Yeah, even if we beat
those Tricera-creeps,

there's probably a scazillion
more where they came from.

Oh.

Then we've gotta convince them
to leave Earth alone forever.

Their leader said something
about not wanting to fight us

because we're reptiles.

Hey, maybe they don't
attack planets

where the reptiles
are the dominant species.

That's it!

We've gotta get
to the Natural History Museum.

Come on.

ZORAX:
Three more minutes,

and this miserable planet

will be halfway
across the galaxy,

where it will become
the personal property

of the Triceraton Empire.

What the--?

[ROARING]

It's working, Donatello.

They think those robot dinosaurs
are real.

[ROARING]

Those beasts must be stopped.

But, captain, we can't harm
fellow dinosaurs.

They'll destroy us
if we don't.

Hurry up, Donatello.

Our dinosaurs are starting
to look pretty ragged.

It's done.

[DINOSAURS ROARING]

DONATELLO:
All right, you geeks.

How dare you fire
at my loyal minions.

Who are you?

I am Donatello,

ruler of this planet,

and the mightiest reptile
in the universe.

You lie!

No reptile is mightier

than we Triceratons.

Can a Triceraton do this?

I don't believe it.

This is my planet,

and you aren't
taking it anywhere.

The Stargate Generator.

No!

Captain, we must retreat.

Clearly these reptiles
are superior to us in every way.

Go on, scram before I get
really mad.

LEONARDO:
Donatello, you did it.

Yeah, I take back
every rotten thing

I ever said about you, pal.

You are truly the most
awesomest turtle of them all.

Hey, all it took
was a little brains.

And a little help
from Shredder.

MICHELANGELO:
Man, the Donster pretty much

creamed Shredder
single-handedly.

I can believe it.

He was so crazed

he made Casey Jones look like
a wallflower.

Well, things should
quiet down

now that he's
back to normal.

DONATELLO:
Shredder.

Where's that shredder?

Oh, no.

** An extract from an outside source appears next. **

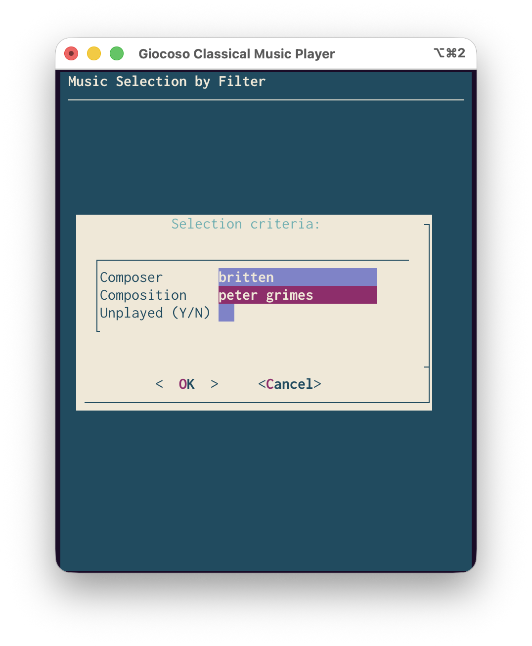 The vanilla “Play Music” option does a 'default, randomised' music selection, equivalent to taking Option 1 on full-fat Giocoso's Play Music menu. The new 'Filter Selection' option is the near-equivalent of taking Option 2 from that full-fat menu: it will display a cut-down selection of filters that let you pick specific things to play. For example, here I'm asking to play Britten's Peter Grimes:

Not again.

MICHELANGELO:
You gotta come to your senses,
dude.

We are not gonna let you
go after Shredder again.

What are you talking about?

I'm looking for
my electric cheese shredder.

I'm just dying for a pizza.

ALL:
Oh, dude.

[♪♪♪]

Someone needs to stop Clearway Law.
Public shouldn't leave reviews for lawyers.